> **The problem**
From the listing below, give again exactly the lines from the line with "consisting of a" to the line with "Inspired by large", ends included, without any pictures.

> **Dataset**
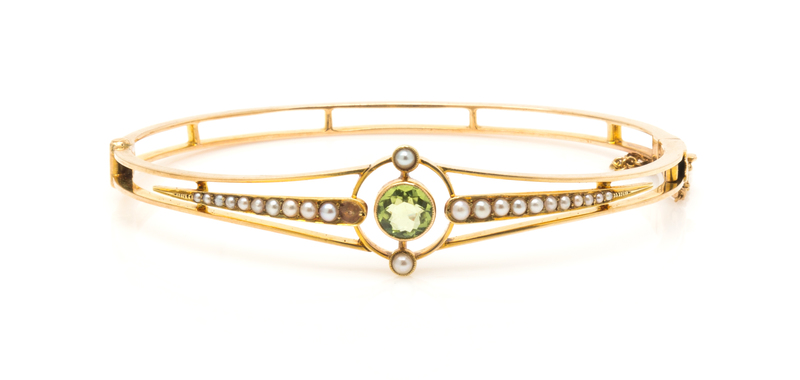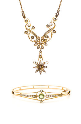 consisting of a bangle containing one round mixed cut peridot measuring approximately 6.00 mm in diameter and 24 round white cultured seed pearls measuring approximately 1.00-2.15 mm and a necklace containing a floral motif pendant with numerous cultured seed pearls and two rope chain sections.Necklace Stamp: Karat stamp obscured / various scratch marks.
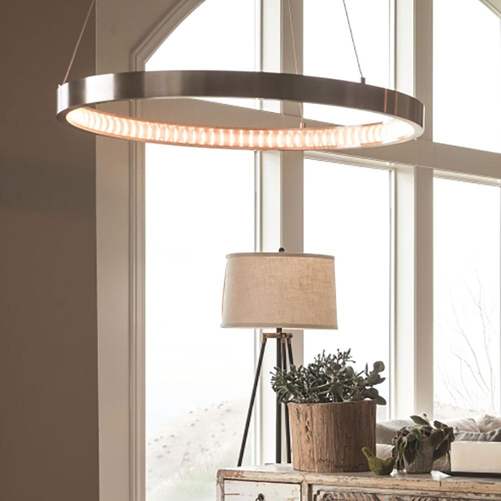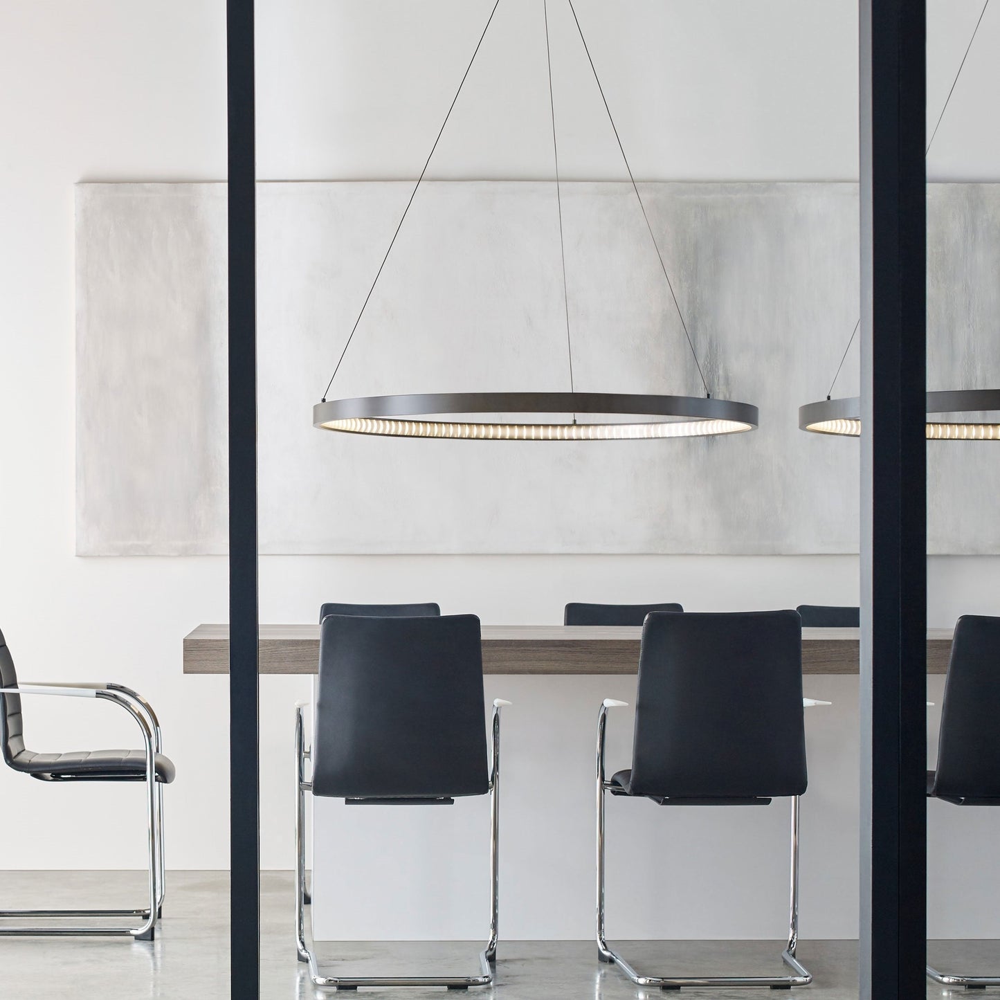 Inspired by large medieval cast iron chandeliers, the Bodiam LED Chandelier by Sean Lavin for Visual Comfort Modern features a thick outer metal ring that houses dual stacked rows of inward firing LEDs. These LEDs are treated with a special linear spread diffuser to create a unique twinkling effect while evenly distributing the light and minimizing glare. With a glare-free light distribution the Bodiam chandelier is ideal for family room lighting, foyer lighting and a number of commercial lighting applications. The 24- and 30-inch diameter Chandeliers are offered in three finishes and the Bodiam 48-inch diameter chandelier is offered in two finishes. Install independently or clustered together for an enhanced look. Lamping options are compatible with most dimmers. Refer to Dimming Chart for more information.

...

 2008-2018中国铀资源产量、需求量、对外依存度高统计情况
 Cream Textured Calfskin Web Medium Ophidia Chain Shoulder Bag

---

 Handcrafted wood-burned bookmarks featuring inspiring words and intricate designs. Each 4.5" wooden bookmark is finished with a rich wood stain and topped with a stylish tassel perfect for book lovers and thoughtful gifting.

> **Task solution**
 consisting of a bangle containing one round mixed cut peridot measuring approximately 6.00 mm in diameter and 24 round white cultured seed pearls measuring approximately 1.00-2.15 mm and a necklace containing a floral motif pendant with numerous cultured seed pearls and two rope chain sections.Necklace Stamp: Karat stamp obscured / various scratch marks.
 Inspired by large medieval cast iron chandeliers, the Bodiam LED Chandelier by Sean Lavin for Visual Comfort Modern features a thick outer metal ring that houses dual stacked rows of inward firing LEDs. These LEDs are treated with a special linear spread diffuser to create a unique twinkling effect while evenly distributing the light and minimizing glare. With a glare-free light distribution the Bodiam chandelier is ideal for family room lighting, foyer lighting and a number of commercial lighting applications. The 24- and 30-inch diameter Chandeliers are offered in three finishes and the Bodiam 48-inch diameter chandelier is offered in two finishes. Install independently or clustered together for an enhanced look. Lamping options are compatible with most dimmers. Refer to Dimming Chart for more information.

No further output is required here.